Графиня вскрикнула; она поняла смысл прощального привета сына.

— Мне надо ехать за ним, — решительно заявил Освальд, хватаясь за колокольчик. — Нельзя терять ни минуты.

— Я… я поеду с тобой, — прошептала графиня, намереваясь подойти к нему, но покачнулась и, если бы племянник не поддержал ее, могла упасть.

— Нельзя, тетя, ты не перенесешь этого. Кроме того, все сани заняты на охоте, а в коляске нельзя проехать из-за снега. Я верхом поеду за ним следом; это единственный выход! — торопливо произнес Освальд, а затем обернулся к вошедшему Эбергарду: — Прикажите оседлать Вихря! Только как можно скорее!.. Я поеду за графом.

Старый слуга бросился выполнять приказание. Он понял, что молодого барина хотели уберечь от опасности.

Освальд снова подошел к бледной и трепещущей графине и, пытаясь успокоить ее, произнес:

— Мужайся! Еще не все потеряно. Вихрь — один из лучших скакунов, и если я поеду через Нейенфельд, то сокращу дорогу почти наполовину. Я должен догнать Эдмунда!

— Если ты даже догонишь его, — с отчаянием воскликнула графиня, — он все-таки не послушает тебя, как не послушал меня и своей невесты.

— Меня он послушает, — серьезно сказал Освальд, — потому что только я могу разрешить несчастный спор. Если бы сегодня утром я знал, что разделяло нас, до такой развязки дело не дошло бы никогда. Невозможно, чтобы друзья детства не смогли преодолеть это недоразумение. Мужайся, тетя, я возвращу тебе сына!

Энергичная решительность молодого человека немного успокоила встревоженную мать. Она цеплялась за надежду, которую подавал ей племянник, цеплялась за ненавистного Освальда как утопающий за соломинку. Она не могла выговорить ни слова, но во взгляде, обращенном к нему, было столько мольбы, столько отчаянной муки, что глубоко потрясенный Освальд крепко пожал ей руку. В смертельном страхе за того, кого они любили с одинаковой нежностью, угасла долгая вражда, были забыты ненависть и злоба.
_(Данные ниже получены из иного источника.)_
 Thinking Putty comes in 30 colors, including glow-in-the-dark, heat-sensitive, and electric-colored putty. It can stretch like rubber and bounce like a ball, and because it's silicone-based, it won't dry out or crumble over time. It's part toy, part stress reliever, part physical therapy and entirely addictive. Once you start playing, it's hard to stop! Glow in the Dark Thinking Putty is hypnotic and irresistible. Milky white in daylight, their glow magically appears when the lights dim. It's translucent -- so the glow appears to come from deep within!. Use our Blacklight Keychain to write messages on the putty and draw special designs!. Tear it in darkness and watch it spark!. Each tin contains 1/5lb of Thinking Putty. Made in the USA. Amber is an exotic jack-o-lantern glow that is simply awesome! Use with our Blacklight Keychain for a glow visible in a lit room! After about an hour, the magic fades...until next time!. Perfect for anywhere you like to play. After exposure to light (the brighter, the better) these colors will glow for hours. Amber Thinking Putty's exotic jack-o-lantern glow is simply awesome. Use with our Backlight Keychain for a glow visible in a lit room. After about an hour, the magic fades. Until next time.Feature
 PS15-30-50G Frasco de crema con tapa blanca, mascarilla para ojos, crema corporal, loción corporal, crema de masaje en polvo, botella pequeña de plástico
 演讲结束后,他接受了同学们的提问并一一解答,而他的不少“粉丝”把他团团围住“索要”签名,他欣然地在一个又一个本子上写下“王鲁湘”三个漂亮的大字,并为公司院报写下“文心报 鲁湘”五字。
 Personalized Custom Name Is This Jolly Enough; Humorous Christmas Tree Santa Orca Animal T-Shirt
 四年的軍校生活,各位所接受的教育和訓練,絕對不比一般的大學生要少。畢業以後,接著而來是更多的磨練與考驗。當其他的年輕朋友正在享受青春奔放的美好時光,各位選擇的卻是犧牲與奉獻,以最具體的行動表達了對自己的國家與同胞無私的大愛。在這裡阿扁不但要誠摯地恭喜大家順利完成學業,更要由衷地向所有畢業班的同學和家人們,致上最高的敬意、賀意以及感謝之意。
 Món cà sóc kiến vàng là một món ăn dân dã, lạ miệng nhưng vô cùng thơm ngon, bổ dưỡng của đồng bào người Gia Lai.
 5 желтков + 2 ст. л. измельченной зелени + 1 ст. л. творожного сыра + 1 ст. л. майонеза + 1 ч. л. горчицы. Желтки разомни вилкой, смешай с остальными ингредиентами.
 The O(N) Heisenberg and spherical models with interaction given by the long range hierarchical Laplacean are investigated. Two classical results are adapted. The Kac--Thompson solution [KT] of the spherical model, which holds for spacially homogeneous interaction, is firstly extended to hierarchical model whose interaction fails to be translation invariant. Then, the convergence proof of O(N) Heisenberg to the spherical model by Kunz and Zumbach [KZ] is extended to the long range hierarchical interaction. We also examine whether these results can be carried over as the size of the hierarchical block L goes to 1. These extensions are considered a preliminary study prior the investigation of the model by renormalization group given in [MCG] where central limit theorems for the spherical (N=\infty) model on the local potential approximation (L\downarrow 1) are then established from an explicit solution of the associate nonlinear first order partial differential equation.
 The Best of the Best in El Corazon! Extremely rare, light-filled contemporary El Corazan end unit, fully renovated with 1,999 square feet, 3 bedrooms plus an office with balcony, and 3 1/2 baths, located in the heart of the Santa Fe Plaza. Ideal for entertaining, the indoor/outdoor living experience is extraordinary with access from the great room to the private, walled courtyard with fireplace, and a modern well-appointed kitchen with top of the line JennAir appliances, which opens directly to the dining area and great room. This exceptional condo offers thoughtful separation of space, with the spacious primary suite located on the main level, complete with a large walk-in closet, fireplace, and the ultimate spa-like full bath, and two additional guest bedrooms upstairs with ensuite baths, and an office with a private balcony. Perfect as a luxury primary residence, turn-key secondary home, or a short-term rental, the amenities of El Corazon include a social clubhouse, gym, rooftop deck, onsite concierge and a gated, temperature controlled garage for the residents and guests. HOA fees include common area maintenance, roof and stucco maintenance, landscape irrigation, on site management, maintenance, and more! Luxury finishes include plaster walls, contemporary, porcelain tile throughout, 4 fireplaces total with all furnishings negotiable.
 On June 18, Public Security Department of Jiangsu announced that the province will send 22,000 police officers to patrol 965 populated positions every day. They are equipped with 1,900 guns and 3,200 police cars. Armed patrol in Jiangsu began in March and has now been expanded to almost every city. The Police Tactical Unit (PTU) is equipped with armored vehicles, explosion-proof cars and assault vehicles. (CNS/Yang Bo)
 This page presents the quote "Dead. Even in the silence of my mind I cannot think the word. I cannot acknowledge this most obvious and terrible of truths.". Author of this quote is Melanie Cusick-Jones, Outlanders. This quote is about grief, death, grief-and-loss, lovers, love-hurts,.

Освальд обнял почти падающую графиню и нежно посадил ее в кресло, а затем бегом бросился к выходу. Надежда на возможность спасения придала ему мужество и уверенность, но мать, которая не могла ничего сделать и в отчаянии вынуждена была остаться дома, почти умирала от страха. Она знала, что гнало ее сына на смерть, и это чувство было причиной ее мук в течение последних недель. Барон Гейдек был прав: бедная женщина несла более тяжкое наказание, чем был ее грех.

Эбергард действовал быстро: когда Освальд вышел из замка, лошадь была уже подана; он вскочил в седло и помчался со двора.

Можно было с уверенностью сказать, что Эдмунд выберет обычную проселочную дорогу. Самая короткая дорога через Нейенфельд шла большей частью лесом и была такой неудобной и узкой, что на санях почти нельзя было проехать. Для всадника же она не представляла никаких трудностей, а Вихрь был действительно великолепным скакуном; его копыта почти не касались земли, покрытой снегом. Так он летел вперед по скованному морозом лесу, по покрытым снегом лугам, по словно вымершей деревне, и все же слишком медленно для нетерпеливого всадника.

Освальд ни минуты не сомневался, что отчаянному решению Эдмунда надо было помешать; но было всего одно средство разрешить этот несчастный спор. Если он, Освальд, не обвинял и не требовал никаких объяснений вообще, то никто не имел права делать этого. В обществе можно было промолчать, как молчали до сих пор, и похоронить неприятную тайну. Но среди всех этих надежд и предположений снова звучали слова Эдмунда, произнесенные им в разговоре вечером накануне отъезда Освальда:

«Я не мог бы жить с сознанием, что на мне лежит пятно. Смело, с открытым лицом должен я смотреть на весь свет и на себя самого».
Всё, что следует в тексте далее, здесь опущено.